Although as I see it only has a 1/2.3" sensor.

Personally I'm not a fan of these extreme zooms. My view is that the more you zoom the more the image shakes, which doesn't matter if shooting with a tripod, but if shooting handheld then such zoom is only conditionally usable, plus the aperture closes a lot. In other words 24x zoom on a compact without tripod only works when the sun is shining nasmeh
Also with big zoom you often have limitations in the atmosphere itself because it's often hazy etc. And people often buy big zooms and then zoom instead of taking a few steps closer to the subject.

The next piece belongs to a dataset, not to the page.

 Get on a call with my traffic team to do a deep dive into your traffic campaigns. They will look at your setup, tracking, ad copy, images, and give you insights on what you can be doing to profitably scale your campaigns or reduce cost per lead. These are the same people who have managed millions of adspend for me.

Pictures (portraits) are much more natural if shot at focal length around 50mm - such perspective as you'd actually see with your own eye.

Just food for thought. If you're photographing eagles on a tree on the neighboring hill on sunny days, 24x zoom will definitely come in handy.
jumii6. 03. 2013 13:25:07
@Daam even the small Canon s100/110 has a sensor of that size 1/1.7".

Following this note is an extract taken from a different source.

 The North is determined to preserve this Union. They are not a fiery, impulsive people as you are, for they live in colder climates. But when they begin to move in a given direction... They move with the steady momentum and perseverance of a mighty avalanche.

Anyway, check dpreview.com, especially those products that got gold or silver award. Even if the review is a year or two old it's fine. No difference in image quality. Better look at user feedback, because manufacturers in eternal battle to make products cheaper get stingy and make features instead of responsiveness and usability. And then under pressure "buy the newest" you end up with 3 mp more, 1 cm bigger screen and slower camera :/. The only new feature I'd personally want is WiFi image transfer.

Even if you go check in some big bang, put in a card, do burst of 5 shots, and you'll see right away how it responds. Say black screen for 3 seconds between shots... I wouldn't buy such photos.
jumii6. 03. 2013 12:18:53
My advice would be, don't look at megapixels and how many times zoom it has, and what features it has, but go to dpreview.com and read the review and look at the pictures - especially those taken at higher ISO! Also look at sensor size. Go test the camera at big bang if they have it, to see if it's responsive and fast.

A colleague bought an Olympus that has oh and all features (around 10x optical zoom, GPS,...). In practice though, the GPS takes so long to initialize that it's actually useless on a point and shoot camera, saving to card is extremely slow. Actually you'd be faster with a classic wind-up camera than this (even if the card is slow - the camera must have buffer for at least a few shots). Not to mention I couldn't copy pictures from colleague's camera because it has non-standard USB connector!?! In short, when using this camera, I had the feeling Olympus put all effort into making as many marketing features as possible.

So once again, read reviews before buying. Another story, colleague bought new Sony compact with 14m-pix for about 250eur, and concluded it doesn't work any faster than 10 year old Canon s45, 14mpix is marketing 14, real is about 8 or max 10, in low light it makes equally crappy pictures as the old Canon - only noise reduction algorithms for night shots are better.
jumii3. 03. 2013 20:38:42
I have EOS 400D, takes super pics, but too heavy/too big for mountains and looking for smaller.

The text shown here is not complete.